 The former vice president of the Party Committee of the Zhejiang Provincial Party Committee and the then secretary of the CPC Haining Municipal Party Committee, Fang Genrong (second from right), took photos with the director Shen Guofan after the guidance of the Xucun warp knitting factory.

┄┄┄┄┄┄┄┄┄┄

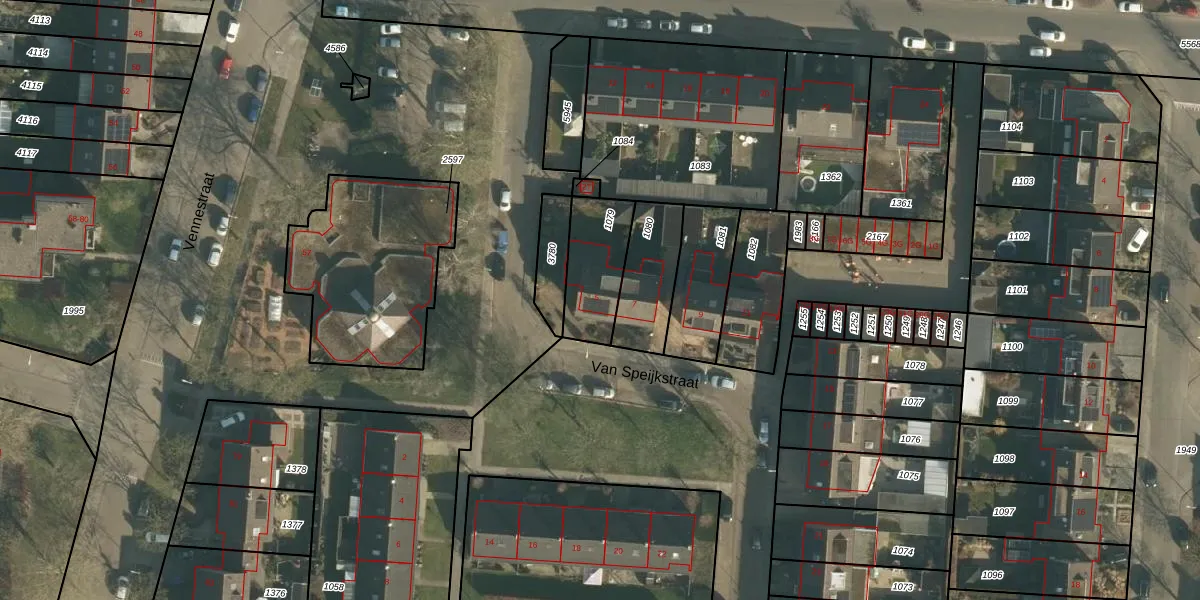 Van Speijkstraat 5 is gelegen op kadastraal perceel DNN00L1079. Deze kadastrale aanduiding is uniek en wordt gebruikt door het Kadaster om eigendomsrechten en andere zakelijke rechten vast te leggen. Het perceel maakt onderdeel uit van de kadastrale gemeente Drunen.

┄┄┄┄┄┄┄┄┄┄

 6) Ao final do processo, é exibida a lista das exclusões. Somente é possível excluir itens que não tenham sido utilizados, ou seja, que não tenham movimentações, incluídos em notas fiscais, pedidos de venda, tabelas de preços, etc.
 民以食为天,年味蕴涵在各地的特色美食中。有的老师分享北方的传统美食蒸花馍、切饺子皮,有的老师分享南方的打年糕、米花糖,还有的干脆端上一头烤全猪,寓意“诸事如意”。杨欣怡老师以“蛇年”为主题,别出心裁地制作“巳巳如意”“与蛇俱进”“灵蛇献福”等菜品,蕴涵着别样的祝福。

┄┄┄┄┄┄┄┄┄┄

▸ Work instructions
When you reach the line containing "6) Ao final" in the data above, start copying exactly, and stop after the line containing "民以食为天,年味蕴涵在各地的".

▸ Answer area
 6) Ao final do processo, é exibida a lista das exclusões. Somente é possível excluir itens que não tenham sido utilizados, ou seja, que não tenham movimentações, incluídos em notas fiscais, pedidos de venda, tabelas de preços, etc.
 民以食为天,年味蕴涵在各地的特色美食中。有的老师分享北方的传统美食蒸花馍、切饺子皮,有的老师分享南方的打年糕、米花糖,还有的干脆端上一头烤全猪,寓意“诸事如意”。杨欣怡老师以“蛇年”为主题,别出心裁地制作“巳巳如意”“与蛇俱进”“灵蛇献福”等菜品,蕴涵着别样的祝福。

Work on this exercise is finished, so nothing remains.